No entanto, Ellen White disse aos adventistas que “a aquisição desta propriedade era de fato uma providência divina”. Alguns dias mais tarde, ela escreveu: “O lugar que foi escolhido para nossa escola e para nosso sanatório é o que há de melhor. A propriedade está conforme a representação que me foi dada pelo Senhor. […] Existe bastante lugar para uma escola e um sanatório, sem que uma atrapalhe a outra.” (Life Sketches of Ellen G. White 397)

Poderíamos nos perguntar “Como pode ser isto?” Isto parece uma contradição de princípio. Antes de nos precipitarmos, entretanto, deveríamos ressaltar que ela declarou que a propriedade estava “bem adaptada à meta a qual ela estava destinada” (idem). Aqui está a palavra chave a sublinhar. A escola de Washington, nesta época, tinha uma missão diferente da de Avondale, assim como de muitas outras instituições escolares adventistas. É por isto que ela dispunha de condições diferentes para sua localização.
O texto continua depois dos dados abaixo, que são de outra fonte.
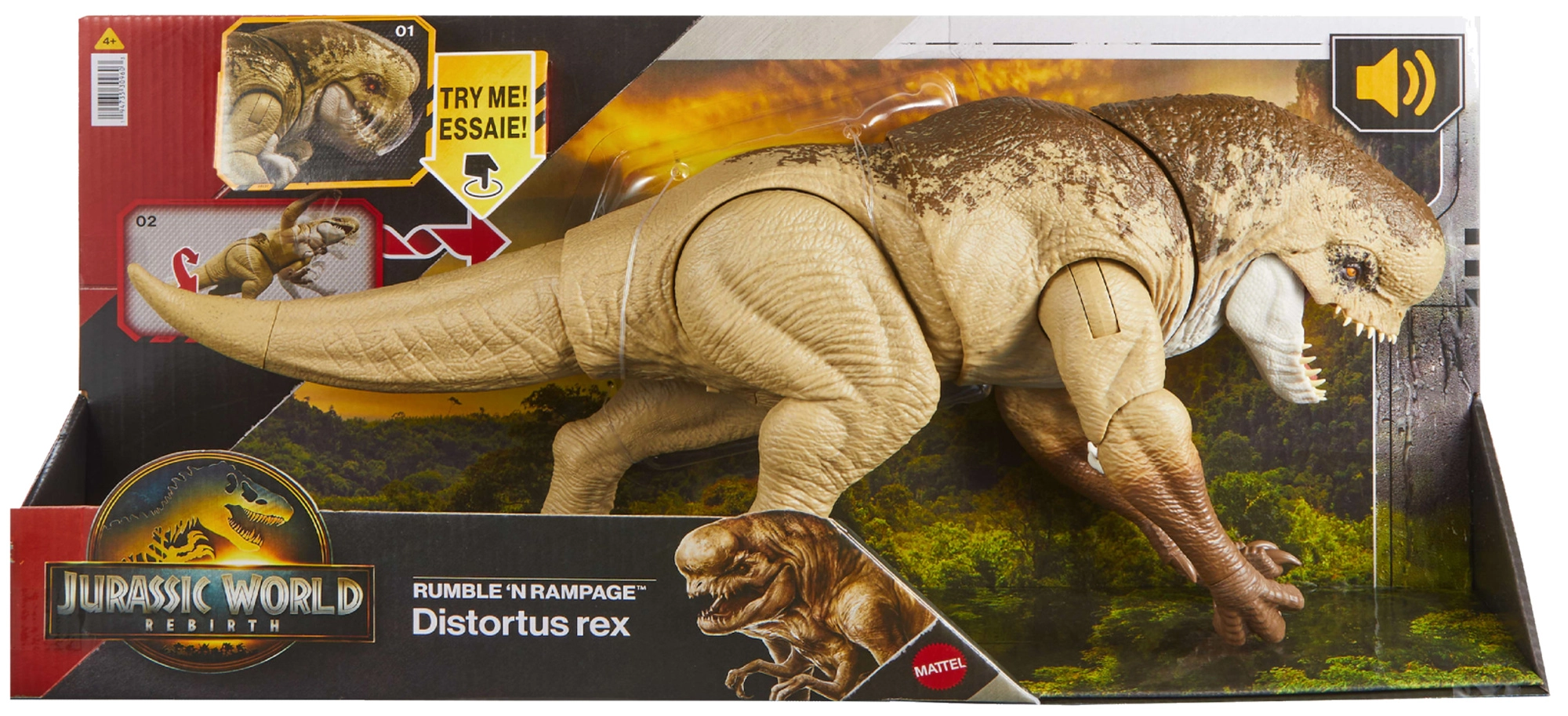 Pripravite se na veličastne spopade z realistično figuro Distortus Rex, visoko približno 50 cm, iz serije JURASSIC WORLD Rebirth znamke Mattel. Dinozaver ponuja strašen rjovenje na gumb, grizenje z gibom sprednjih okončin in bočni udarec, nadzorovan z repom. Zaradi podrobne teksture kože, visoke artikulacije in AR interakcije v aplikaciji je popolno darilo za male pustolovce in ljubitelje dinozavrov.

Ellen White era muito livre na aplicação de seus conselhos. Em outra situação, ela escreveu: “Um erro triste seria deixar de considerar de maneira completa o propósito para o qual cada uma de nossas escolas é estabelecida.” (Conselhos aos Professores, Pais e Estudantes 203-204) Ela estava longe de ser rígida. Assim, apesar de sua grande estima por Avondale, ela pode declarar em 1901 que “O Senhor não designou algum plano especial e exato na educação.” (Mensagens Escolhidas 3, 227).

Em 1907, ela escreveu ainda a propósito da escola de Madison, que fazia o seu melhor para seguir o “modelo” de Avondale sob a conduta dos mais zelosos reformadores adventistas da educação: “Não se pode apresentar modelo exato para o estabelecimento de escolas em novos campos. O clima, o ambiente, as condições do país e os meios de que se dispõe para o trabalho, tudo deve influir na modelação da obra.” (Conselhos aos Professores, Pais e Estudantes 531)

Em conclusão, devemos repetir que Ellen White era mais livre na interpretação de seus escritos do que muitos podem imaginar. Ela era não somente sensível aos fatores contextuais, para a aplicação de suas recomendações em diferentes situações, mas ela tinha também uma compreensão particular da diferença entre o plano ideal de Deus e a realidade da situação humana, que necessita às vezes de modificações. É importante, por esta razão, que não funcionemos simplesmente sobre a base de sua afirmação mais forte procurando impô-las a todos. (Mensagens Escolhidas 3, 285-286)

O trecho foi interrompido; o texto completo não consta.